From two to four players collect tiles to fill up a 5x5 squares player board. Players collect tiles by taking all the tiles of one colour from a repository, or from the centre of the table, and placing them in a row, taking turns until all the tiles for that round are taken. At that point, one tile from every filled row moves over to each player's 5x5 board, while the rest of the tiles in the filled row are discarded. Each tile scores based on where it is placed in relation to other tiles on the board. Rounds continue until at least one player has made a row of tiles all the way across their 5x5 board. Additional points are awarded at the end of the game for each complete row or column, and for each instance of all five tiles of the same colour being collected.

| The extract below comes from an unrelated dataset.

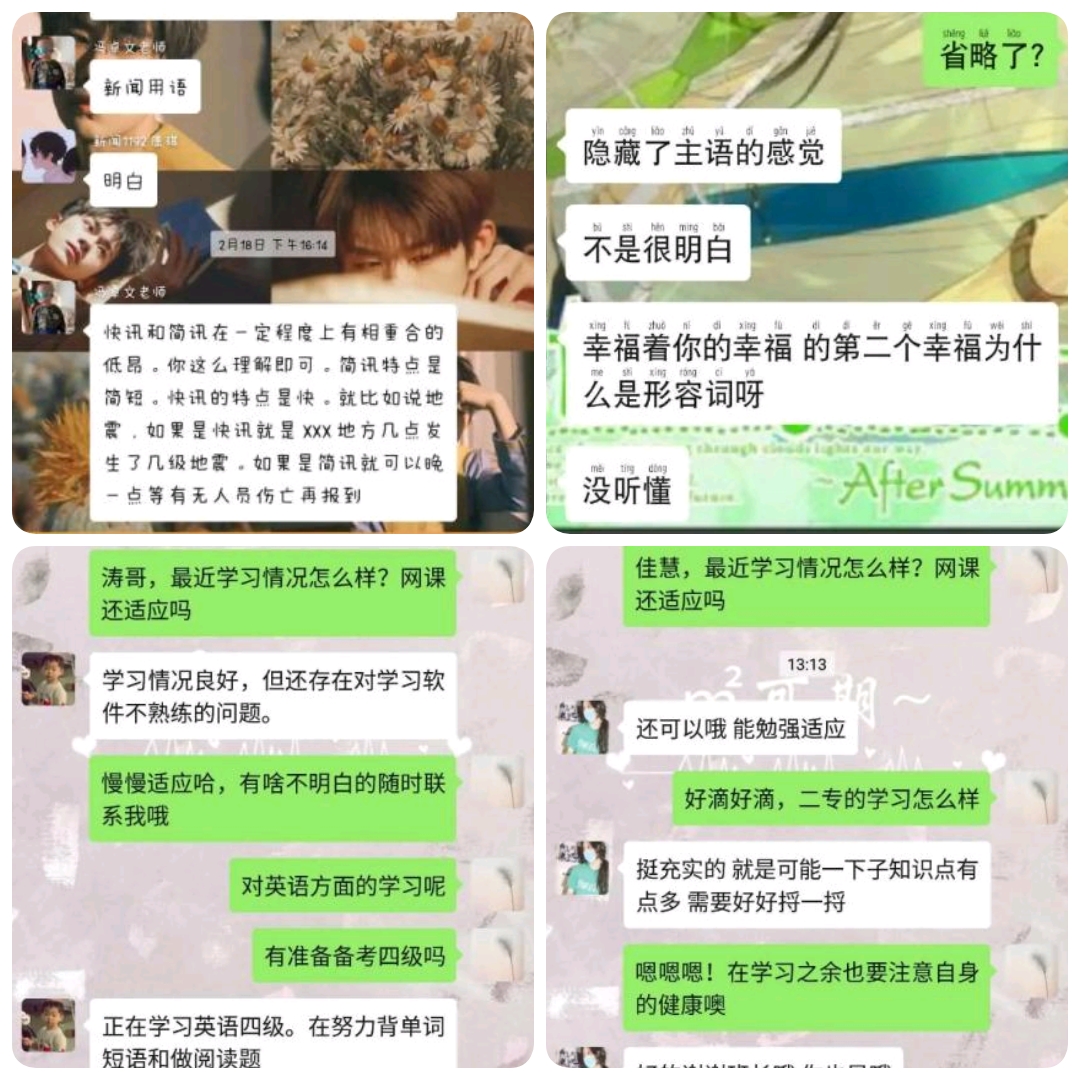 “学业提升”主要是进行补考课程备考辅导。文传学院为每门学科分配数位朋辈导师,朋辈导师建有微信群或QQ群,对学业有困难的同学开展有针对性的线上辅导,帮助有补(缓)考科目的同学充分利用居家时间认真学习,完成好学习新科目和复习补(缓)考科目的双重任务。

The basic game dictates where tiles of each color go on their player board, while an advanced version allows players to place them anywhere.

== Reception ==
Keith Law, writing for Paste Magazine, said "The theme doesn't really tie into or matter for the game play, but the artwork is just fantastic and...will give Azul a ton of shelf appeal in a market where maybe publishers don't pay as much attention to that aspect of marketing."

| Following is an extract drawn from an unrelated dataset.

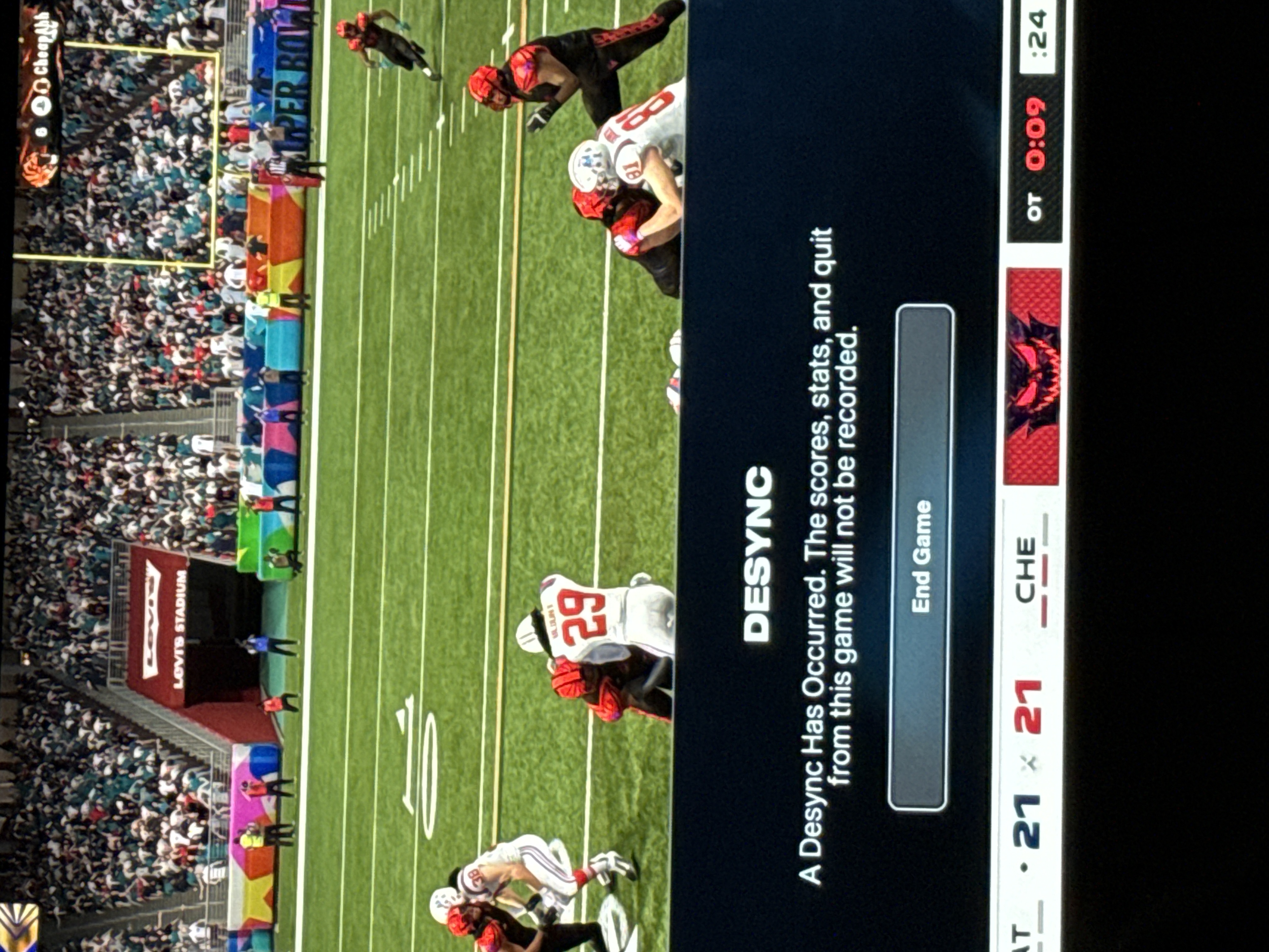 I keep getting Desync everytime I’m about to win a Super Bowl in mut… happened to me 4 times already, is that a glitch ima need my money back I put into mut 💯

Nate Anderson of Ars Technica described it as "an ideal weeknight game, or a game night opener, or a family title." Wirecutter described it as having "slightly tricky rules" but is "easy to play" with "beautiful art".

Emily VanDerWerff, writing for Vox, said "Azul has made the leap from hardcore hobbyist circles to the shelves of Target and other stores where it might be selected by grandmas shopping for their grandkids...absolutely every aspect of playing the game is at once instantly understandable and agreeably fun – right down to how those tiles feel in your hand."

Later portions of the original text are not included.